試験に合格すると、「警察官採用候補者名簿」に名前が掲載され、試験の翌年度の4月以降に順次採用され、「巡査」の階級が与えられます。
また採用後はすぐに現場に配属されるわけではなく、まずは警察学校で警察官に必要な基本的な知識、技術、体力を習得します。
警察学校は全寮制であり、大学卒業者の場合は6ヵ月間、それ以外の者は10ヵ月間の入校が求められます。
警察学校を卒業した後は交番勤務に従事し、その後は経験年数や実績、能力に応じてキャリアを積んでいくことになります。
地方公務員の採用試験は、試験を実施する自治体によって採用人数や条件、試験内容が若干異なります。
希望する自治体の警察官採用案内や警察署のウェブサイトを確認してみてください。
警察庁の警察官(国家公務員)とは
警察庁で勤務する警察官は国家公務員であり、警察組織の中心的な役割を果たすため、「警察官僚」や「キャリア」と呼ばれたりもします。

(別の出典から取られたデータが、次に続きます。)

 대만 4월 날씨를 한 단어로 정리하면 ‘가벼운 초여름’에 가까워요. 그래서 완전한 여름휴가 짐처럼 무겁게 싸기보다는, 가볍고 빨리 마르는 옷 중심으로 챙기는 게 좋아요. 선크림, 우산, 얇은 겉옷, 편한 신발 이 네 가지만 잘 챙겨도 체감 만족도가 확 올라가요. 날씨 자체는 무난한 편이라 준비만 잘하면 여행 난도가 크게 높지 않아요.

仕事内容は現場での業務はほとんどなく、警察組織全体の政策や企画の立案、各機関との調整などの役割を担っています。
また、警察庁と似た名称に警視庁がありますが、警視庁は東京都の警察を指し、警視庁の警察官は国家公務員ではなく地方公務員です。
警察庁で働くことを希望する場合、まず国家公務員試験(国家一般職試験または国家総合職試験)に合格しなければいけません。

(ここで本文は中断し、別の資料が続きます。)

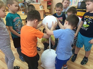 Воспитатель: (Приглашает следующего участника выбрать задание. Уточняет, какого размера в коробе лежат белые шары, что можно сделать из них. Во время работы звучит песня «Снеговик, нос морковкой».)
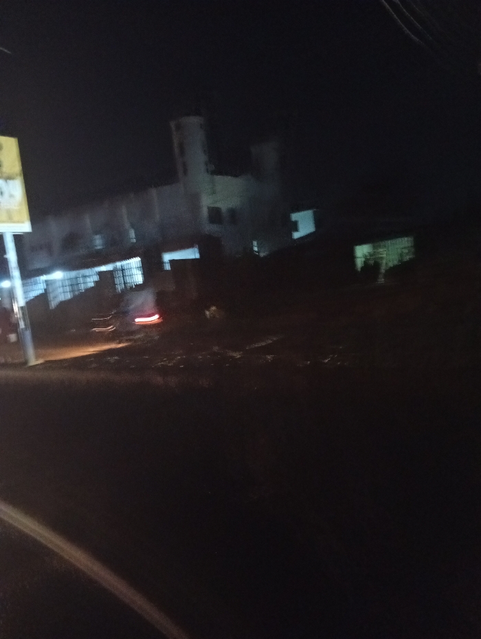 A night scene depicts a large, white building with a tower-like structure. The building is illuminated by several lights and appears to have windows. A sign is visible on the left, partially obscured. A blurry streak of red and white suggests a moving vehicle. The foreground is dominated by darkness, obscuring details of the landscape. The overall impression is of a building viewed from a distance in low light.

さらに国家公務員試験に合格した後、警察庁への官庁訪問を行い、そこで合格すれば警察官として内定を得ることができます。
警察庁の採用試験に合格する者は毎年約30人と非常に難易度が高く、狭き門となっているためしっかりとした対策が必要です。
皇居警察本部
皇宮警察本部は1886年の創立以来、皇室守護を目的とした大きな使命と伝統を持つ国家機関です。
勤務先は主に皇居と赤坂御用地のほか全国の御用邸などの警備も行い、おもな以下の仕事内容となります。

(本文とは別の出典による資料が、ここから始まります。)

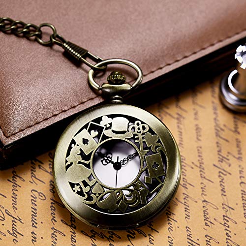 MORFONG Mannen Vrouwen Quartz Pocket Horloge Alice in Wonderland Serie Hollow Case Vintage Fob Horloges

- 護衛部門…天皇・皇后両陛下や皇族の護衛、国家にとって重要な来客や海外の大使が皇居を訪れる際の身辺警護など
- 警備部門…天皇がお住まいになる皇居や御所、御用邸、皇室行事などの警備
- 警務部門…皇宮警察の活動を円滑に進めるために、勤務体制・採用・人事管理・教養・予算・福利厚生などを担当
皇宮警察本部で働くには国家公務員試験である皇宮護衛官試験に合格しなければならず、大卒程度と高卒程度の区分があります。
警察官になるための受験資格
警察官になるには各都道府県で実施される警察官採用試験に合格しなければいけません。
警察官採用試験は学歴に応じて試験区分が設定されていますが、誰でも受験できるわけではなく、受験するための条件や受験資格があります。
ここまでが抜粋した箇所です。